Sparaliżowany mieszkaniec Chicago pozywa iFLY za wypadek, w którym utracił władzę w kończynach. Mężczyzna uważa, że firma nieodpowiednio informowała o niebezpieczeństwie związanym z zabawą w tunelu aerodynamicznym, reklamując je jako odpowiednie nawet dla dzieci.
63-letni David Schilling nie może chodzić, pracować, ani nawet samodzielnie się odżywiać po wypadku, jakiego doznał w ubiegłym roku.
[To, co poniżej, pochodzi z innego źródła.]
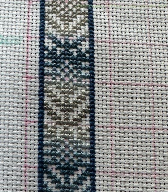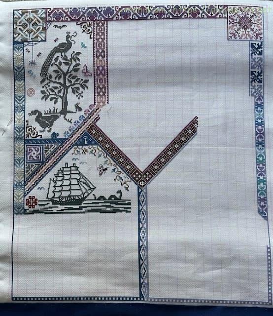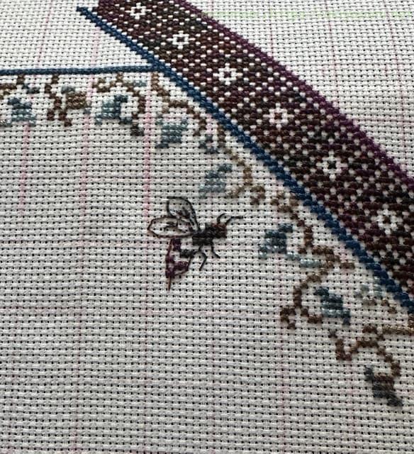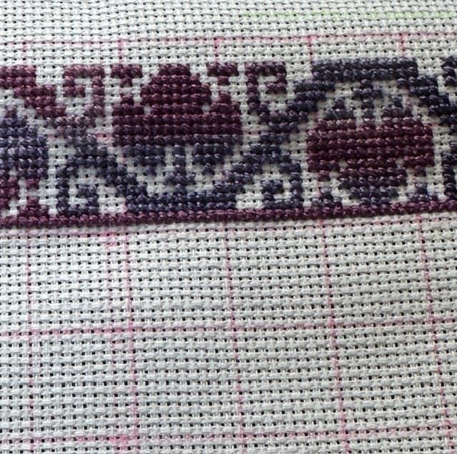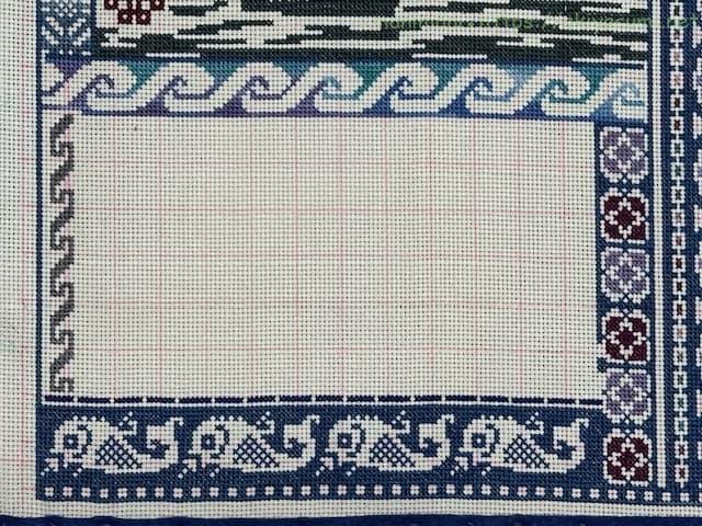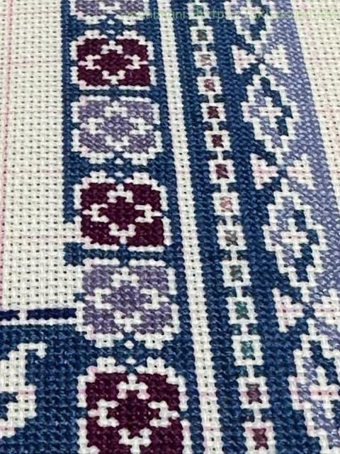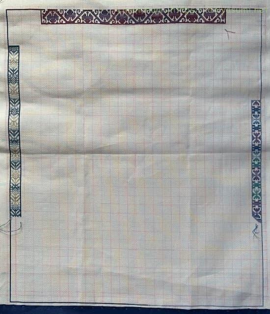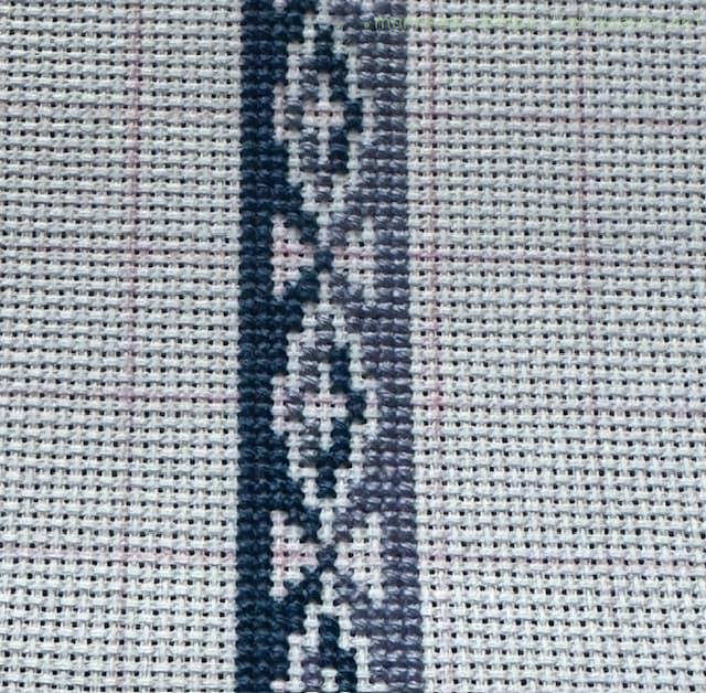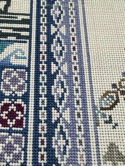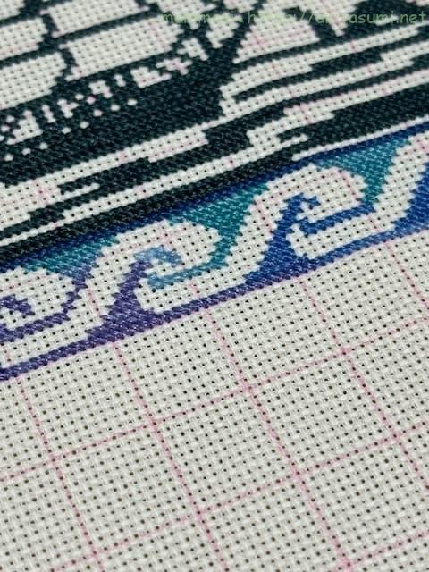 40cm強のやや大きめの作品ですが、アイーダ18カウントなので刺すのにはあまり苦労はありません。ただただひたすら長ーーーいラインをステッチするのが大変ではありますが、グラデーションがきれいにできるのでめちゃくちゃ楽しんでいます。
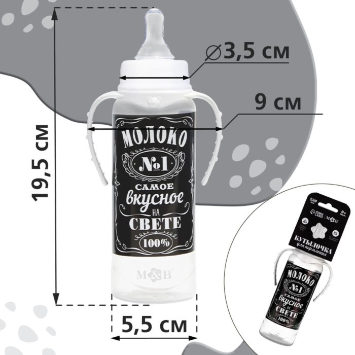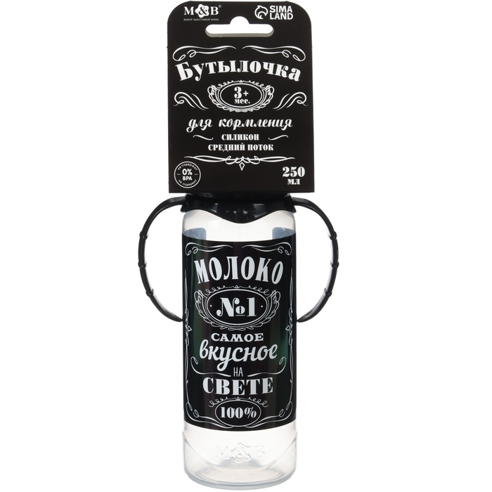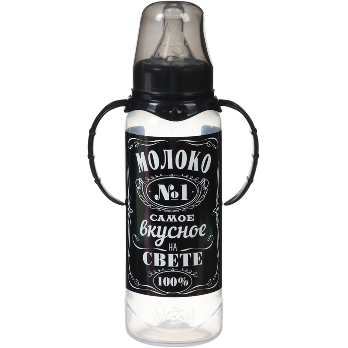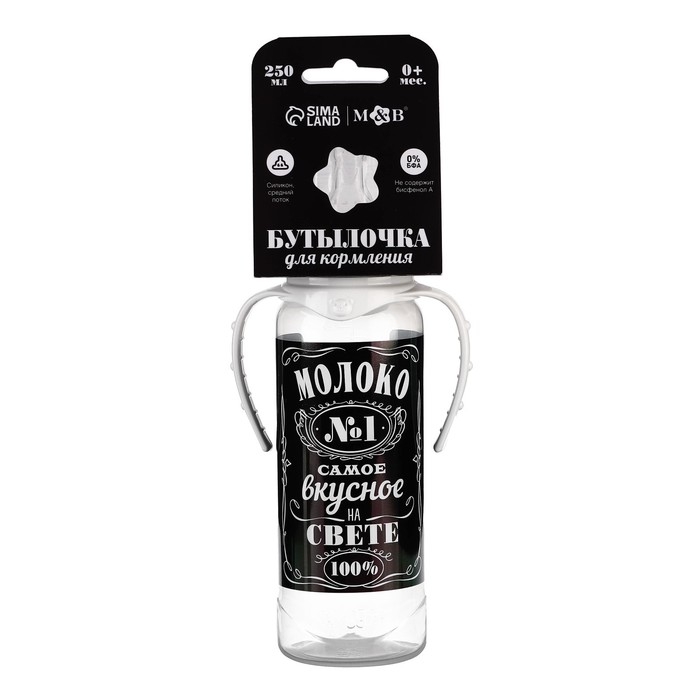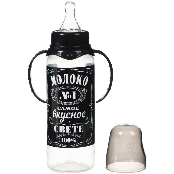Бутылочка для кормления «Молоко № 1», классическое горло, с ручками, 250 мл., от 0 мес., цвет чёрный

Na nagraniu z wypadku widać, jak traci kontrolę nad ciałem w tunelu aerodynamicznym w czasie swobodnego lotu i uderza głową w ścianę. Obsługujący urządzenie pracownik iFLY nie zdążył zareagować.
Zdaniem prawników Schillinga, firma nieodpowiednio informowała o niebezpieczeństwie, a podpisywane przez chcących wziąć udział w zabawie uczestników zrzeczenie się roszczeń nie ma mocy prawnej, ponieważ również ono wprowadza w błąd. Przytaczają także statystyki, które pokazują, że do wypadków w tunelu aerodynamicznym dochodziło w ostatnich latach wiele razy.
Sprawa trafi wokandę w sądzie powiatu Cook w październiku 2023 roku.